The two approaches can be used together: you can use the annotated SQL that the optimizer creates as the basis for creating your own (custom) directed queries.

1 - Optimizer-generated directed queries

CREATE DIRECTED QUERY OPTIMIZER passes an input query to the optimizer, which generates an annotated query from its own query plan.

CREATE DIRECTED QUERY OPTIMIZER passes an input query to the optimizer, which generates an annotated query from its own query plan. It then pairs the input and annotated queries and saves them as a directed query. This directed query can be used to handle other queries that are identical except for the predicate strings on which query results are filtered.
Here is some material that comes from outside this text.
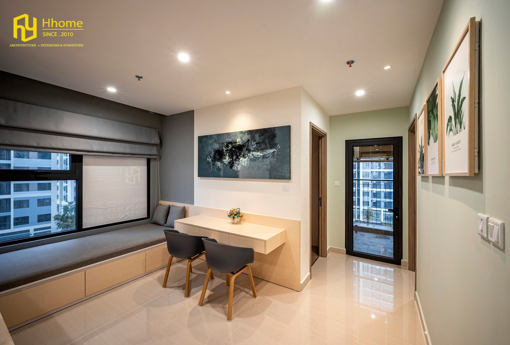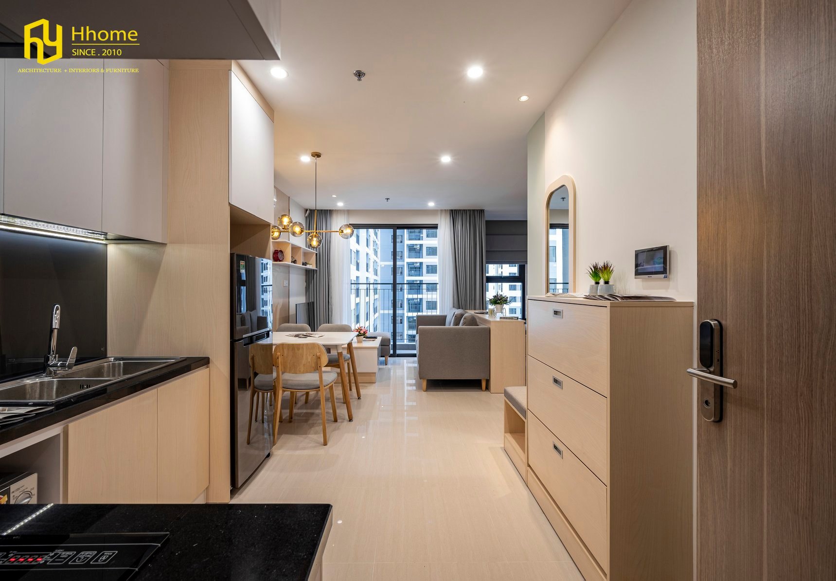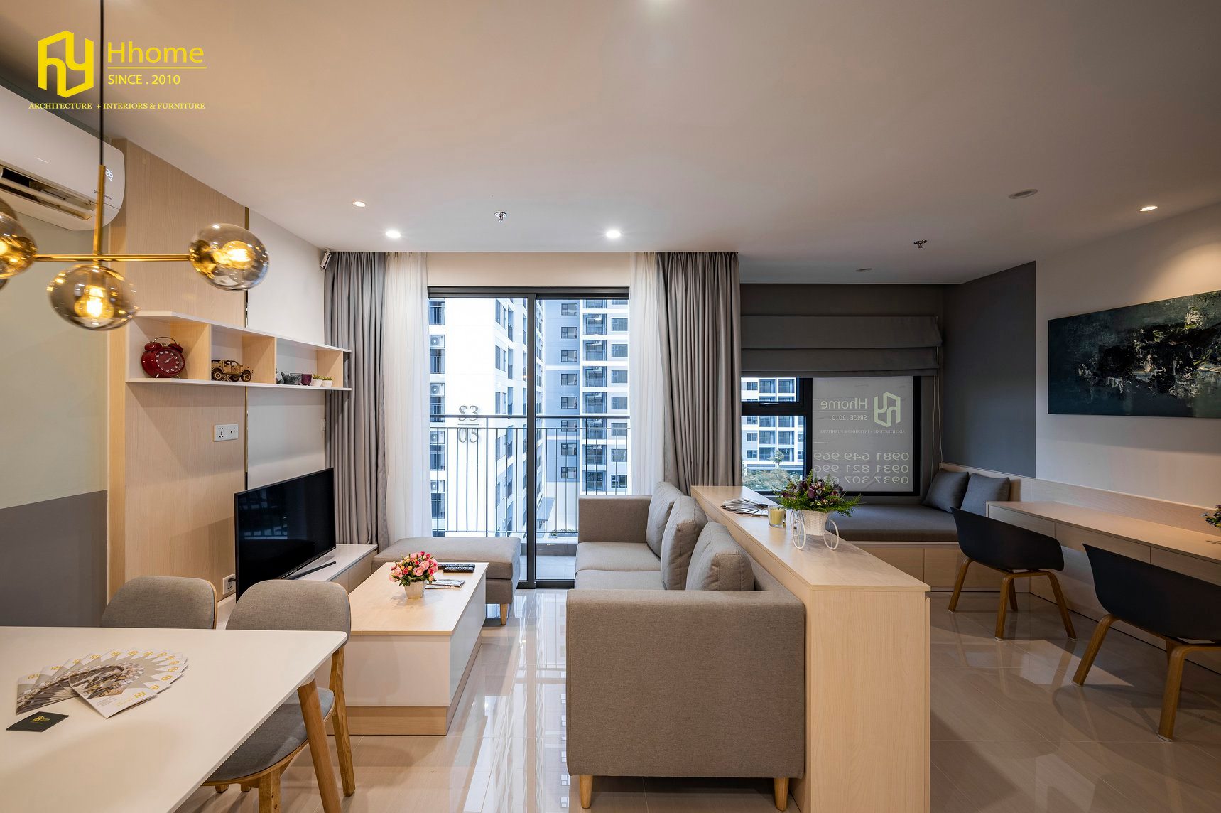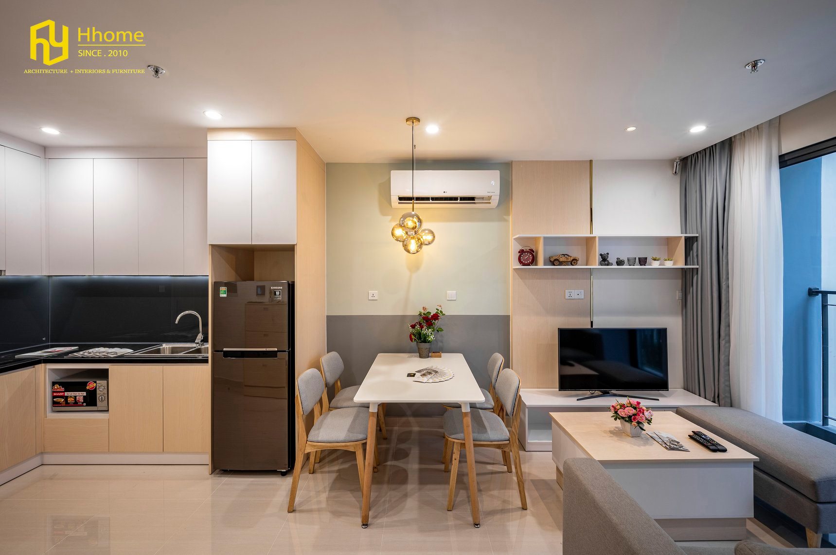 Với tầm nhìn thiết kế hiện đại, vận hành được nhiều phong cách và cấu trúc, cân bằng giữa sự thoải mái với sự sáng tạo và chức năng, Hhome đã mang điều này vào các phòng khách mà mình thiết kế. Bằng cách kết hợp các màu trung tính với nhiều chi tiết màu gỗ, Hhome khiến không gian căn hộ nhỏ này trở nên dễ chịu, thoáng mát và sáng sủa nhưng cũng ấm áp và dễ chịu.

You can use optimized-generated directed queries to capture query plans before you upgrade. Doing so can be especially useful if you detect diminished performance of a given query after the upgrade. In this case, you can use the corresponding directed query to recreate an earlier query plan, and compare its performance to the plan generated by the current optimizer.

Example

The following SQL statements create and activate the directed query findEmployeesCityJobTitle_OPT:


=> CREATE DIRECTED QUERY OPTIMIZER 'findEmployeesCityJobTitle_OPT'
     SELECT employee_first_name, employee_last_name FROM public.employee_dimension
     WHERE employee_city='Boston' and job_title='Cashier' ORDER BY employee_last_name, employee_first_name;
CREATE DIRECTED QUERY

=> ACTIVATE DIRECTED QUERY findEmployeesCityJobTitle_OPT;
ACTIVATE DIRECTED QUERY

After this directed query plan is activated, the optimizer uses it to generate a query plan for all subsequent invocations of this input query, and others like it. You can view the optimizer-generated annotated query by either calling GET DIRECTED QUERY or querying system table DIRECTED_QUERIES:

=> SELECT input_query, annotated_query FROM V_CATALOG.DIRECTED_QUERIES WHERE query_name = 'findEmployeesCityJobTitle_OPT';
-[ RECORD 1 ]---+----------------------------------------------------------------------------
input_query     | SELECT employee_dimension.employee_first_name, employee_dimension.employee_last_name FROM public.employee_dimension
WHERE ((employee_dimension.employee_city = 'Boston'::varchar(6) /*+:v(1)*/) AND (employee_dimension.job_title = 'Cashier'::varchar(7) /*+:v(2)*/))
ORDER BY employee_dimension.employee_last_name, employee_dimension.employee_first_name
annotated_query | SELECT /*+verbatim*/ employee_dimension.employee_first_name AS employee_first_name, employee_dimension.employee_last_name AS employee_last_name FROM public.employee_dimension AS employee_dimension/*+projs('public.employee_dimension')*/
WHERE (employee_dimension.employee_city = 'Boston'::varchar(6) /*+:v(1)*/) AND (employee_dimension.job_title = 'Cashier'::varchar(7) /*+:v(2)*/)
ORDER BY 2 ASC, 1 ASC

The annotated query includes the following hints:

  • /*+verbatim*/ specifies to execute the annotated query exactly as written and produce a query plan accordingly.
  • /*+projs('public.Emp_Dimension')*/ directs the optimizer to create a query plan that uses the projection public.Emp_Dimension.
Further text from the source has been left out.